Patterns of movement performed were anterior elevation - posterior depression of the hemiplegic side. Participants’ were positioned in side lying on the unaffected side, with both hips flexed to 100° and the knees flexed to 45°. Their neck was supported by a pillow and flexed to 30°. The therapist stood behind the participants facing the direction of pelvic movement of the subject. Therapist’s hands were placed on anterior iliac spine of the subject’s pelvis for anterior elevation or on the subject’s ischial tuberosity for posterior depression. Stretch was applied immediately and gently after the target muscles had been fully lengthened but before the subject started to move. Resistance was applied variably to obtain a smooth and coordinated movement. Assistance was provided if required by the participants. Specific and timed commands were given to obtain the desired movement. “Pull up” was used to facilitate pelvic anterior elevation, and “push down” and “sit into my hands” were used to facilitate pelvic posterior depression (Wang, 1994).
The elements of PNF such as positioning, manual contact, resistance and verbal commands were incorporated into the treatment. Techniques used in this study were rhythmic initiation, slow reversal, and agonistic reversals. The sequence was rhythmic initiation first for 10 min, then slow reversal for 10 min, and then agonistic reversals for an additional 10 min with 2 min of rest between each technique. A stopwatch was used to measure the time.

Procedure for group 2

Participants in group 2 received pelvic PNF along with trunk flexibility exercises, which consisted task-specific exercises of the upper and lower part of the trunk. The exercises were performed both in the supine and in sitting positions (Verheyden et al., 2009). It was performed for total of 30 min including 6 min of rest period in between as per the patients requirement, once in a day, 5 days per week for 4 weeks. Procedure followed for PNF was similar to group 1.
Intervention was given for 60 min per session 5 times per week for 4 weeks for both groups.

Outcome measures

The pre- and postintervention scores of Trunk Impairment Scale (TIS), Tinetti Performance Oriented Mobility Assessment (Tinetti-POMA), Balance Evaluation Systems Test (Mini-BESTest), Wisconsin Gait Scale (WGS) and Barthel Activities of Daily Living Index (BI) were evaluated for both groups.

Data analysis

Data was analysed using IBM SPSS Statistics ver. 21.0 (IBM Co., Armonk, NY, USA). Sample size was determined through power calculation based on previous studies fore core stabilization in stroke patients with an estimated effect size of 0.80 an overall sample of 16 participants (8 in each group) at 0.05 level of significance was estimated. However, 26 subjects were recruited to allow 10% dropout. Mean change score were calculated as the difference between post- and pretest scores and an independent t-test was used to test the difference in the changed scores between two groups. Paired t-test was used to analyze within group differences. A level of significance was set at 0.05.
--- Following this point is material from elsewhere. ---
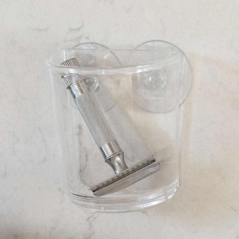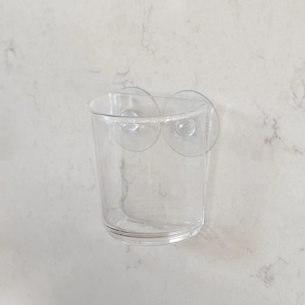 Store your toothbrush, razor or comb in a clever little bathroom cup on the wall. The bathroom cup is attached to the wall with strong suction cups and is perfect to have as a wall cup in the shower or as a bathroom cup next to the sink.

Demographic details of participants

Group 1 included 13 participants (male, 11; female, 2) with mean age 57±8.25 years; mean weight 66.9±6.04 kg; mean height 172.40±3.30 cm; chronicity of stroke 13.3±4.27 months, and MMSE scores of 26.30±1.70. Group 2 consisted of 10 participants (male, 9; female, 1) mean age 57.23±7.39 years; mean weight 71.30±9.23 kg; mean height 173.84±5.32 cm, chronicity of stroke 12.15±3.89 months, and MMSE score of 25.46± 1.45. Baseline comparison between groups is explained in Table 1.

Within group analysis

The pre- and postintervention scores of within group 1 showed significant improvements on TIS scores (t=−10.143, P=0.001); Tinetti-POMA scores (t=−16.915, P=0.001); Mini-BESTest scores (t=−18.403, P=0.001); WGS scores (t=−20.529, P= 0.001). The comparison of preintervention (14.0±1.96) and postintervention (14.7±2.09) scores of BI within group 1 showed significant difference (t=−3.32, P=0.006).
The comparison of preintervention (10.90±2.07) and postintervention (14.0±1.15) scores of TIS within group 2 showed statistically significant difference (P=0.001). The comparison of pre intervention (14.23±1.53) and postintervention (14.7±1.41) scores of Tinetti-POMA within group 2 showed statically significant difference (t=−4.16, P=0.002). The comparison of preintervention (10.6±1.34) and postintervention (14.7±1.41) scores of Mini-BESTest within group 2 showed significant difference (P=0.001). The comparison of pre intervention (26.10±2.32) and postintervention (22.01±2.47) scores of WGS within group 2 showed significant difference (P=0.001). The comparison of preintervention (14.4±1.95) and postintervention (15.1±2.13) scores of BI within group 2 showed significant difference (P= 0.025). The comparison between mean change in scores between groups 1 and 2 are depicted in Table 2.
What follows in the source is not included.